▸ **Work task**: Leaving out the pictures, please retype each record exactly.

Material shown section start

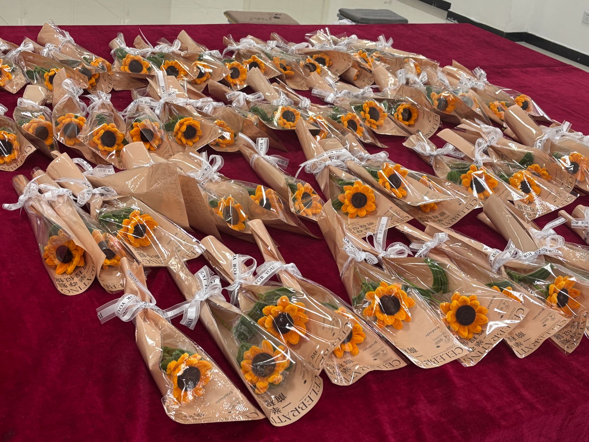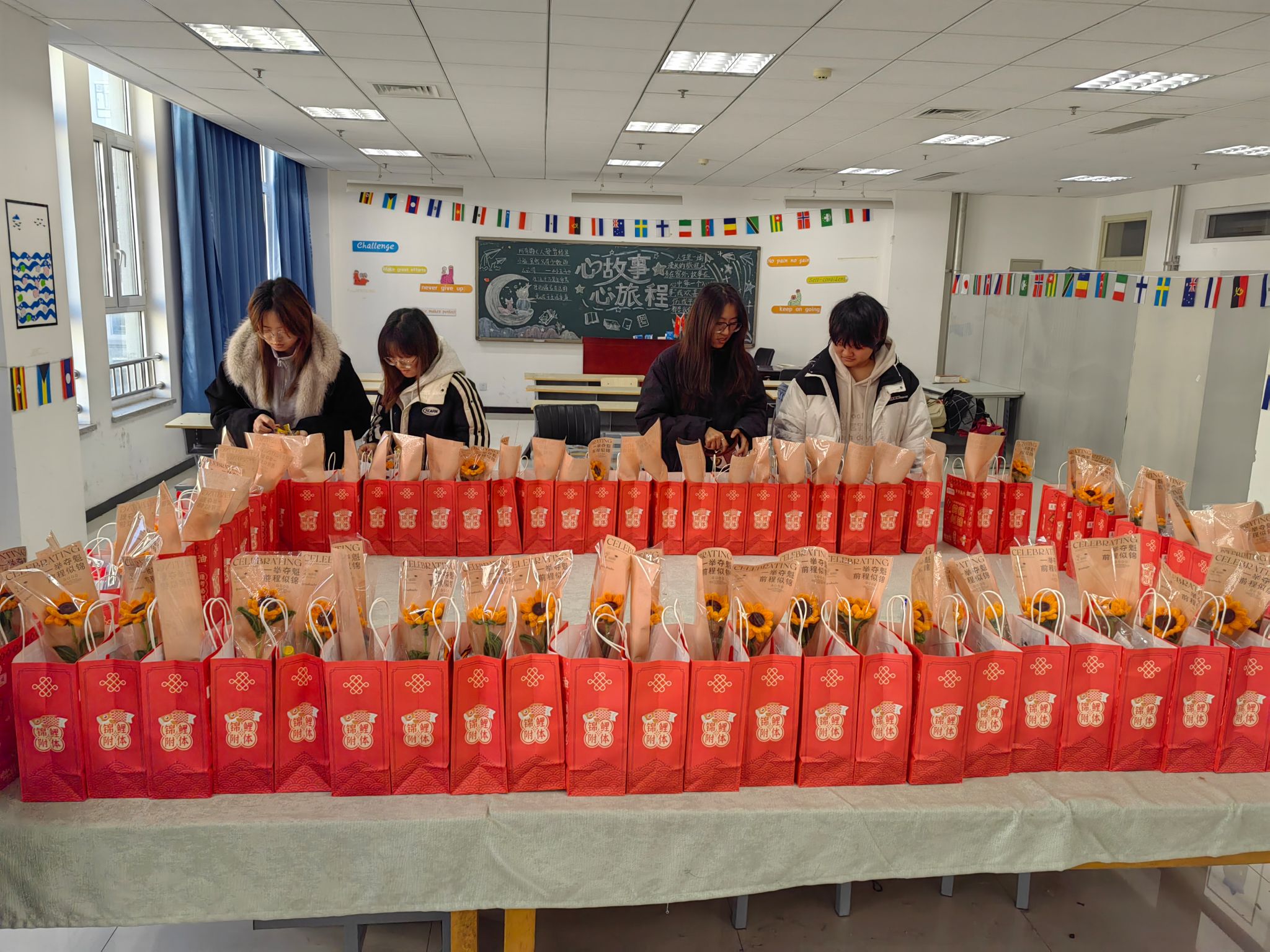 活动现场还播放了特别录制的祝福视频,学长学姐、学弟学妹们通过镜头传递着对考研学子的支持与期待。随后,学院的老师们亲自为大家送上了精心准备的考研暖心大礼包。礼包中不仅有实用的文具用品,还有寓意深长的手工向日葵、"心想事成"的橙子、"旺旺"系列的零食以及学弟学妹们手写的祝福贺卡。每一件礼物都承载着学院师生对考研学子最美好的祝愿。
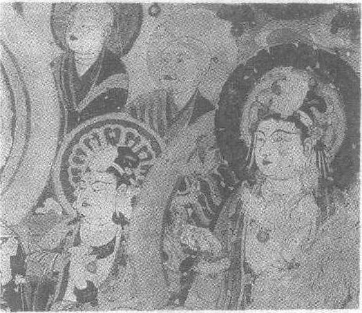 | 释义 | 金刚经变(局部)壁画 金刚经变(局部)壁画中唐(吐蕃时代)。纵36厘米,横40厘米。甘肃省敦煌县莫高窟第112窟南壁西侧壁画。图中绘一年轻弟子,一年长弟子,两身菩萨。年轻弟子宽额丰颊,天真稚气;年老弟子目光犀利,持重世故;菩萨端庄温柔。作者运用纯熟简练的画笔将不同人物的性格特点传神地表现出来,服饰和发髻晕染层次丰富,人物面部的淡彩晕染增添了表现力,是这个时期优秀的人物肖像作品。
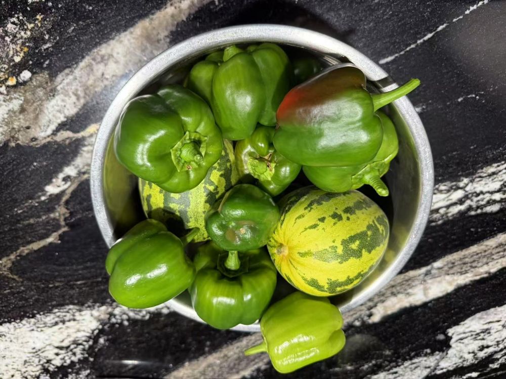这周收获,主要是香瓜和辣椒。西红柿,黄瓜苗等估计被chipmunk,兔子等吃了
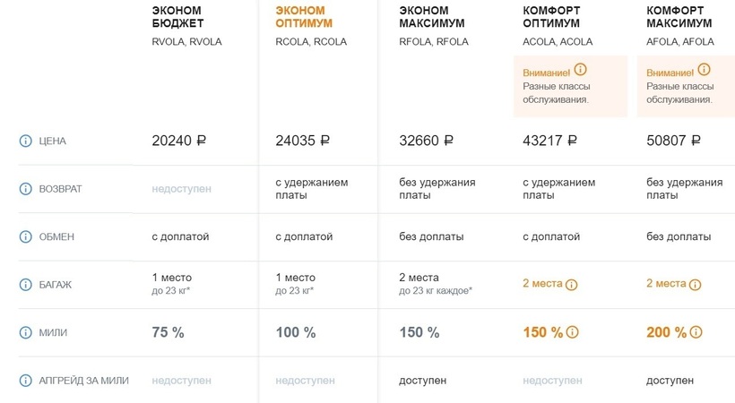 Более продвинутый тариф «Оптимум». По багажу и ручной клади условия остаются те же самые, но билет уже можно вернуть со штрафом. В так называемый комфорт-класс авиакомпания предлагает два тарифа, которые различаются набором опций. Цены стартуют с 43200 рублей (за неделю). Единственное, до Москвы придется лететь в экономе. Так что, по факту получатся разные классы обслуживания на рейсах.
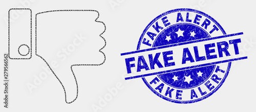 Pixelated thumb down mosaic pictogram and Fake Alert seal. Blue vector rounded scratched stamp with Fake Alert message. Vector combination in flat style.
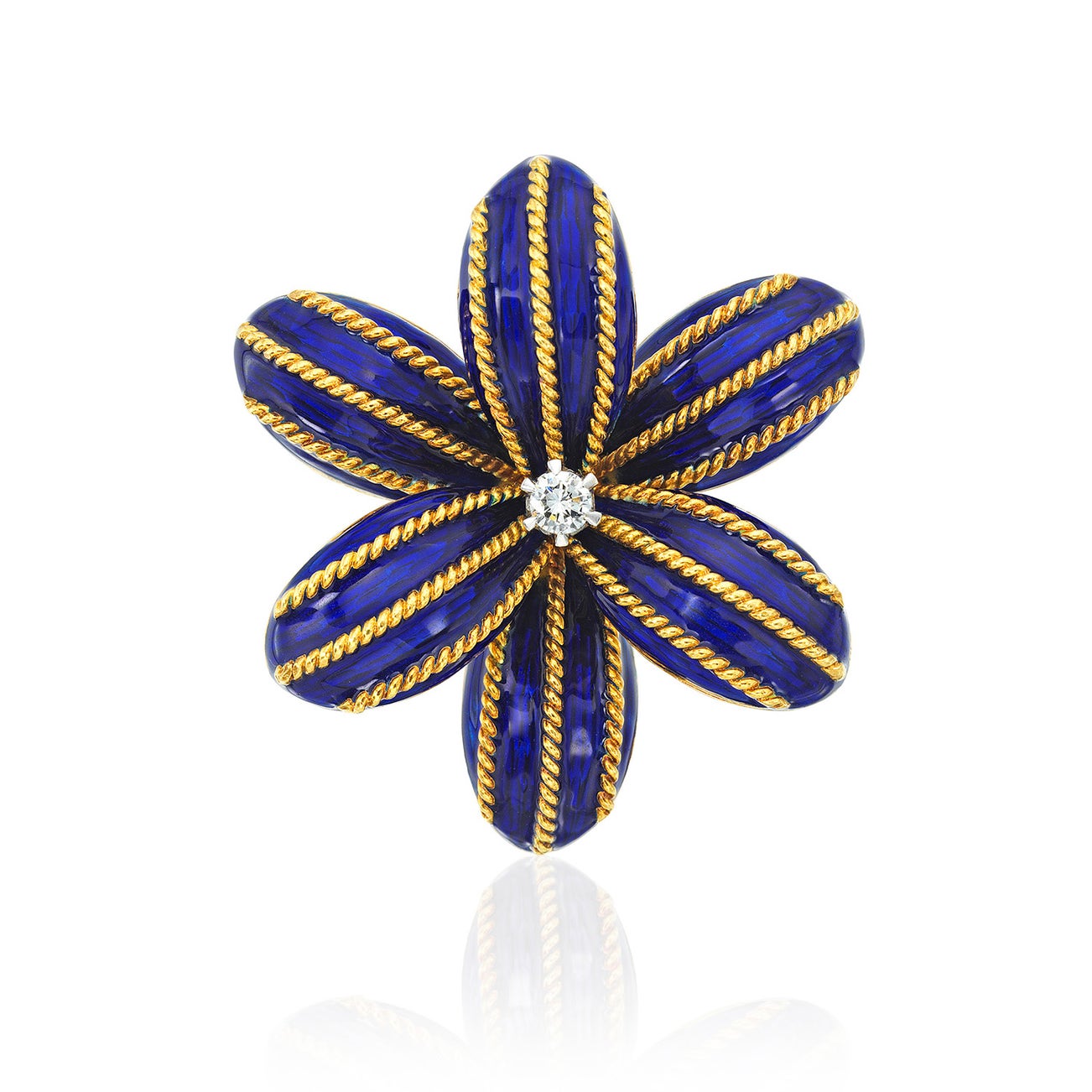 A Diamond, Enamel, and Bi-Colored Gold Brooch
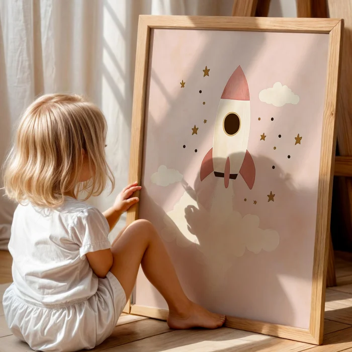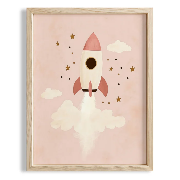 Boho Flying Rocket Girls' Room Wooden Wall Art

Material shown section end

▸ **Solution for this exercise**:
 活动现场还播放了特别录制的祝福视频,学长学姐、学弟学妹们通过镜头传递着对考研学子的支持与期待。随后,学院的老师们亲自为大家送上了精心准备的考研暖心大礼包。礼包中不仅有实用的文具用品,还有寓意深长的手工向日葵、"心想事成"的橙子、"旺旺"系列的零食以及学弟学妹们手写的祝福贺卡。每一件礼物都承载着学院师生对考研学子最美好的祝愿。
 | 释义 | 金刚经变(局部)壁画 金刚经变(局部)壁画中唐(吐蕃时代)。纵36厘米,横40厘米。甘肃省敦煌县莫高窟第112窟南壁西侧壁画。图中绘一年轻弟子,一年长弟子,两身菩萨。年轻弟子宽额丰颊,天真稚气;年老弟子目光犀利,持重世故;菩萨端庄温柔。作者运用纯熟简练的画笔将不同人物的性格特点传神地表现出来,服饰和发髻晕染层次丰富,人物面部的淡彩晕染增添了表现力,是这个时期优秀的人物肖像作品。
这周收获,主要是香瓜和辣椒。西红柿,黄瓜苗等估计被chipmunk,兔子等吃了
 Более продвинутый тариф «Оптимум». По багажу и ручной клади условия остаются те же самые, но билет уже можно вернуть со штрафом. В так называемый комфорт-класс авиакомпания предлагает два тарифа, которые различаются набором опций. Цены стартуют с 43200 рублей (за неделю). Единственное, до Москвы придется лететь в экономе. Так что, по факту получатся разные классы обслуживания на рейсах.
 Pixelated thumb down mosaic pictogram and Fake Alert seal. Blue vector rounded scratched stamp with Fake Alert message. Vector combination in flat style.
 A Diamond, Enamel, and Bi-Colored Gold Brooch
 Boho Flying Rocket Girls' Room Wooden Wall Art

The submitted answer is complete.